- Activity -
Reproduce all of the data exactly. Images are not to appear in the reply.

START Information supplied

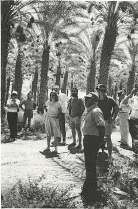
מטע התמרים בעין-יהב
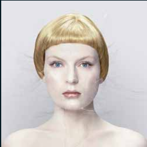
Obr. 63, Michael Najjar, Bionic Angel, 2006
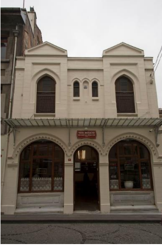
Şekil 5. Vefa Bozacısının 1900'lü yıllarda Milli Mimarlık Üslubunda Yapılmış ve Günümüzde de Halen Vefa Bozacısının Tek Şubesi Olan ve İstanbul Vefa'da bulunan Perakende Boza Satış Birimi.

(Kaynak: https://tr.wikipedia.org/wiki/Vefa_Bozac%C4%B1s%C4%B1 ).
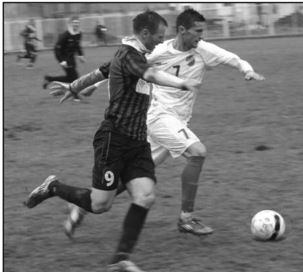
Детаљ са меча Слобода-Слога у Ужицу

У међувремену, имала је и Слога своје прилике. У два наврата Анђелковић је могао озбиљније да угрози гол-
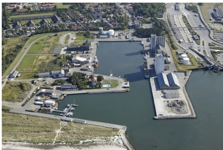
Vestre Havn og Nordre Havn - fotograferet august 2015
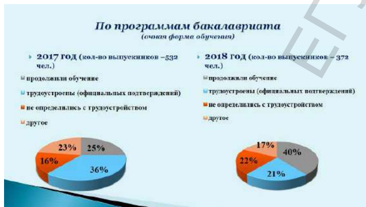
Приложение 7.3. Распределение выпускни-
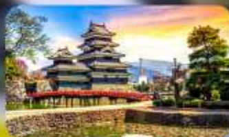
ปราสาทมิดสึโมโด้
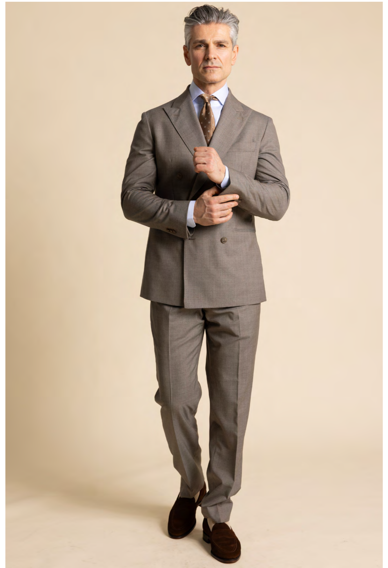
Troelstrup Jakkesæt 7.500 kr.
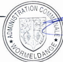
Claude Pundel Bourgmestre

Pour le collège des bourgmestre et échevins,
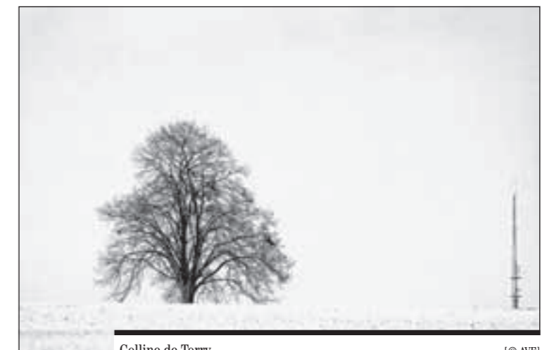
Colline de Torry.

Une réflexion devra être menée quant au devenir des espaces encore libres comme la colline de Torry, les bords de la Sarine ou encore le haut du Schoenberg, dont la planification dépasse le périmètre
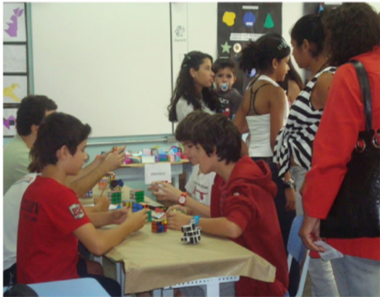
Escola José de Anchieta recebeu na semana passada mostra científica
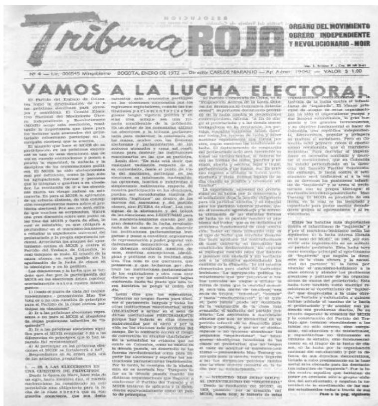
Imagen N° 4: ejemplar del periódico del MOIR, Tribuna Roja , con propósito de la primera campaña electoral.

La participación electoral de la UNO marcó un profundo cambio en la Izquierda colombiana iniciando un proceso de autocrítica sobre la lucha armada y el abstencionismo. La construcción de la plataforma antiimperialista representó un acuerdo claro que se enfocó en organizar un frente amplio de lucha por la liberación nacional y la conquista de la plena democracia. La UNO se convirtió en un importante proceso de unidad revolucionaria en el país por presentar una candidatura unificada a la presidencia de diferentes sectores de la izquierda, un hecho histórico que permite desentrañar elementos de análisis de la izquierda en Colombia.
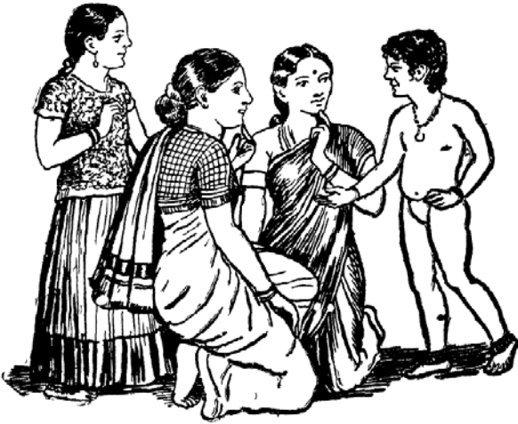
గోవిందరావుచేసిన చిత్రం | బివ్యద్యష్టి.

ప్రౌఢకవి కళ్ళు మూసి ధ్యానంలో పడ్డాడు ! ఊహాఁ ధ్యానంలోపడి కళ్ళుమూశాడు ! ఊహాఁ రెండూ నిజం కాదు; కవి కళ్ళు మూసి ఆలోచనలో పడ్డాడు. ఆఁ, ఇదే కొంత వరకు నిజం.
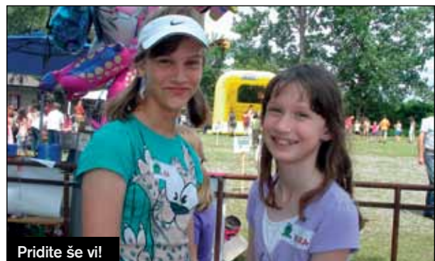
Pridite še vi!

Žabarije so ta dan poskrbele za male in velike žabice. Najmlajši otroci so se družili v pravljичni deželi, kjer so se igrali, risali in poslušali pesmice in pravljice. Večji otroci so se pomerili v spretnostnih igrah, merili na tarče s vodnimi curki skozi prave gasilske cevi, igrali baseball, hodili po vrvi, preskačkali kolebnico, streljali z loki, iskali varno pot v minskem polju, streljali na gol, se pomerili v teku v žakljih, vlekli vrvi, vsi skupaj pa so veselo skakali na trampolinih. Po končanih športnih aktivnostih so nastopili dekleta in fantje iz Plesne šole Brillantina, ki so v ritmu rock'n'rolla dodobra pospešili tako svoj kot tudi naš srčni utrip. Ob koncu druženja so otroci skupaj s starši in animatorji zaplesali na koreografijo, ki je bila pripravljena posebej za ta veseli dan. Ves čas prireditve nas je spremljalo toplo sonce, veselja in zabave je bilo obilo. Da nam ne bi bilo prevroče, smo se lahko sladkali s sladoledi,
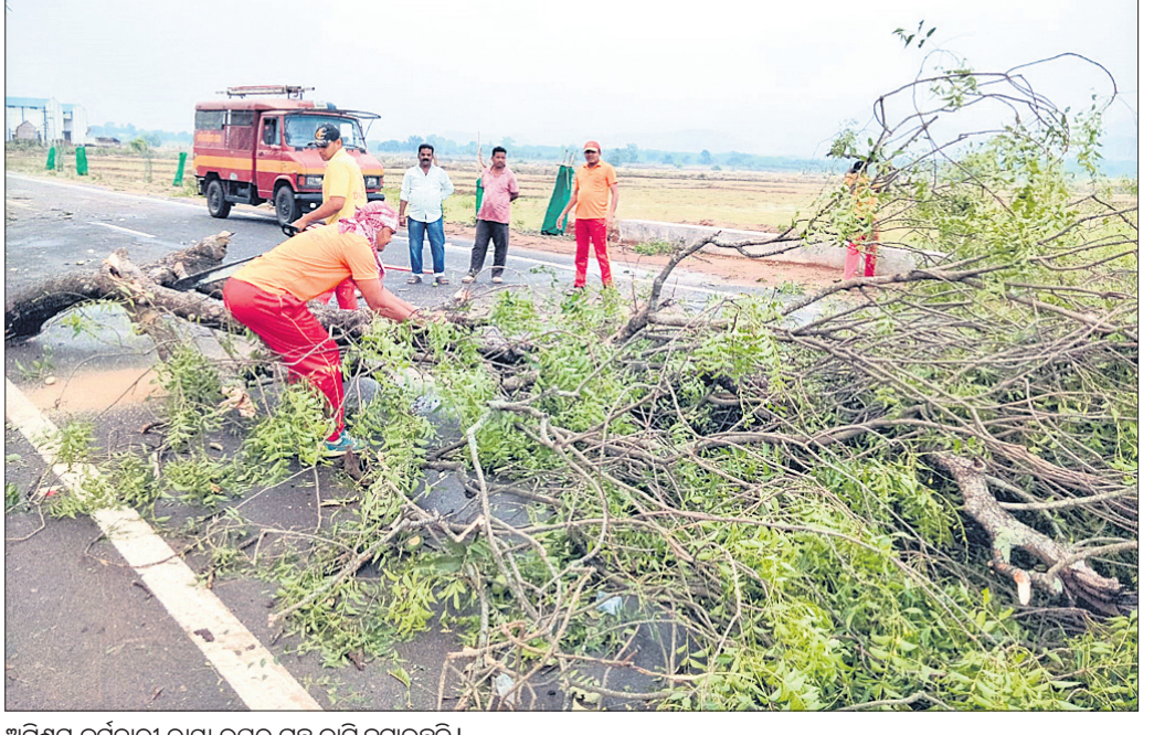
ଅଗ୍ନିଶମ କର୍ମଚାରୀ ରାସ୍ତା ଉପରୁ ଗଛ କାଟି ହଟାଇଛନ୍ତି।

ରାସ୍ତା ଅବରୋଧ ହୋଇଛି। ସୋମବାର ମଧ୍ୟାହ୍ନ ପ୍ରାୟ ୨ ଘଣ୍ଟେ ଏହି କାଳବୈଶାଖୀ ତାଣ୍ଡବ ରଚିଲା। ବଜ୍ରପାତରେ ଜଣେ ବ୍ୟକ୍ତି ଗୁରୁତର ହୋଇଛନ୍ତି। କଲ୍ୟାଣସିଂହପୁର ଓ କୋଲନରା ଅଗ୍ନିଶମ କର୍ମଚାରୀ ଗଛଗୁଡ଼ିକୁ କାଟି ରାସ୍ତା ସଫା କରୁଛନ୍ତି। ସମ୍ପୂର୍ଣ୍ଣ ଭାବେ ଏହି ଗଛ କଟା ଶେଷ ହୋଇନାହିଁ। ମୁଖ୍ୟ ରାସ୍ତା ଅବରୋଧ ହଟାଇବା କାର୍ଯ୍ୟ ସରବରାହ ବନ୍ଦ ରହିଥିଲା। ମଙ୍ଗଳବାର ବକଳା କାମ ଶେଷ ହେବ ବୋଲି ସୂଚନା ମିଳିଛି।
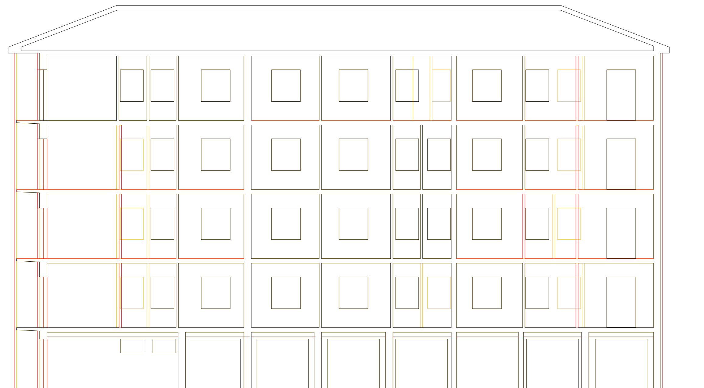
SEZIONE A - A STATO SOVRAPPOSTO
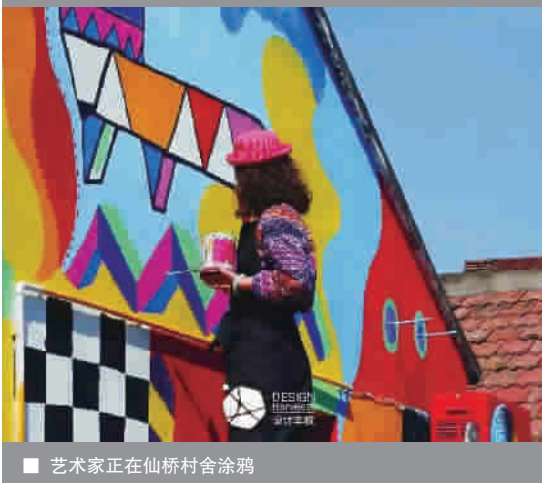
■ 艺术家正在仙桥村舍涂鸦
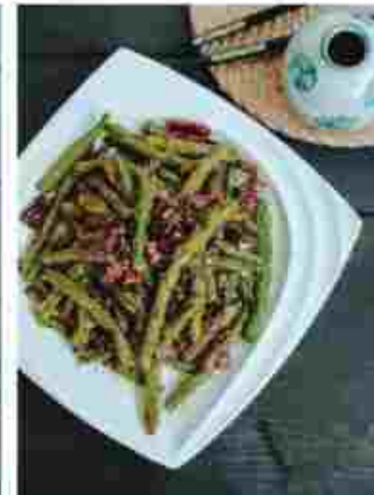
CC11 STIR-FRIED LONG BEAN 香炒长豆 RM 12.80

END Information supplied

- Output for this task -
מטע התמרים בעין-יהב
Obr. 63, Michael Najjar, Bionic Angel, 2006
Şekil 5. Vefa Bozacısının 1900'lü yıllarda Milli Mimarlık Üslubunda Yapılmış ve Günümüzde de Halen Vefa Bozacısının Tek Şubesi Olan ve İstanbul Vefa'da bulunan Perakende Boza Satış Birimi.

(Kaynak: https://tr.wikipedia.org/wiki/Vefa_Bozac%C4%B1s%C4%B1 ).
Детаљ са меча Слобода-Слога у Ужицу

У међувремену, имала је и Слога своје прилике. У два наврата Анђелковић је могао озбиљније да угрози гол-
Vestre Havn og Nordre Havn - fotograferet august 2015
Приложение 7.3. Распределение выпускни-
ปราสาทมิดสึโมโด้
Troelstrup Jakkesæt 7.500 kr.
Claude Pundel Bourgmestre

Pour le collège des bourgmestre et échevins,
Colline de Torry.

Une réflexion devra être menée quant au devenir des espaces encore libres comme la colline de Torry, les bords de la Sarine ou encore le haut du Schoenberg, dont la planification dépasse le périmètre
Escola José de Anchieta recebeu na semana passada mostra científica
Imagen N° 4: ejemplar del periódico del MOIR, Tribuna Roja , con propósito de la primera campaña electoral.

La participación electoral de la UNO marcó un profundo cambio en la Izquierda colombiana iniciando un proceso de autocrítica sobre la lucha armada y el abstencionismo. La construcción de la plataforma antiimperialista representó un acuerdo claro que se enfocó en organizar un frente amplio de lucha por la liberación nacional y la conquista de la plena democracia. La UNO se convirtió en un importante proceso de unidad revolucionaria en el país por presentar una candidatura unificada a la presidencia de diferentes sectores de la izquierda, un hecho histórico que permite desentrañar elementos de análisis de la izquierda en Colombia.
గోవిందరావుచేసిన చిత్రం | బివ్యద్యష్టి.

ప్రౌఢకవి కళ్ళు మూసి ధ్యానంలో పడ్డాడు ! ఊహాఁ ధ్యానంలోపడి కళ్ళుమూశాడు ! ఊహాఁ రెండూ నిజం కాదు; కవి కళ్ళు మూసి ఆలోచనలో పడ్డాడు. ఆఁ, ఇదే కొంత వరకు నిజం.
Pridite še vi!

Žabarije so ta dan poskrbele za male in velike žabice. Najmlajši otroci so se družili v pravljичni deželi, kjer so se igrali, risali in poslušali pesmice in pravljice. Večji otroci so se pomerili v spretnostnih igrah, merili na tarče s vodnimi curki skozi prave gasilske cevi, igrali baseball, hodili po vrvi, preskačkali kolebnico, streljali z loki, iskali varno pot v minskem polju, streljali na gol, se pomerili v teku v žakljih, vlekli vrvi, vsi skupaj pa so veselo skakali na trampolinih. Po končanih športnih aktivnostih so nastopili dekleta in fantje iz Plesne šole Brillantina, ki so v ritmu rock'n'rolla dodobra pospešili tako svoj kot tudi naš srčni utrip. Ob koncu druženja so otroci skupaj s starši in animatorji zaplesali na koreografijo, ki je bila pripravljena posebej za ta veseli dan. Ves čas prireditve nas je spremljalo toplo sonce, veselja in zabave je bilo obilo. Da nam ne bi bilo prevroče, smo se lahko sladkali s sladoledi,
ଅଗ୍ନିଶମ କର୍ମଚାରୀ ରାସ୍ତା ଉପରୁ ଗଛ କାଟି ହଟାଇଛନ୍ତି।

ରାସ୍ତା ଅବରୋଧ ହୋଇଛି। ସୋମବାର ମଧ୍ୟାହ୍ନ ପ୍ରାୟ ୨ ଘଣ୍ଟେ ଏହି କାଳବୈଶାଖୀ ତାଣ୍ଡବ ରଚିଲା। ବଜ୍ରପାତରେ ଜଣେ ବ୍ୟକ୍ତି ଗୁରୁତର ହୋଇଛନ୍ତି। କଲ୍ୟାଣସିଂହପୁର ଓ କୋଲନରା ଅଗ୍ନିଶମ କର୍ମଚାରୀ ଗଛଗୁଡ଼ିକୁ କାଟି ରାସ୍ତା ସଫା କରୁଛନ୍ତି। ସମ୍ପୂର୍ଣ୍ଣ ଭାବେ ଏହି ଗଛ କଟା ଶେଷ ହୋଇନାହିଁ। ମୁଖ୍ୟ ରାସ୍ତା ଅବରୋଧ ହଟାଇବା କାର୍ଯ୍ୟ ସରବରାହ ବନ୍ଦ ରହିଥିଲା। ମଙ୍ଗଳବାର ବକଳା କାମ ଶେଷ ହେବ ବୋଲି ସୂଚନା ମିଳିଛି।
SEZIONE A - A STATO SOVRAPPOSTO
■ 艺术家正在仙桥村舍涂鸦
CC11 STIR-FRIED LONG BEAN 香炒长豆 RM 12.80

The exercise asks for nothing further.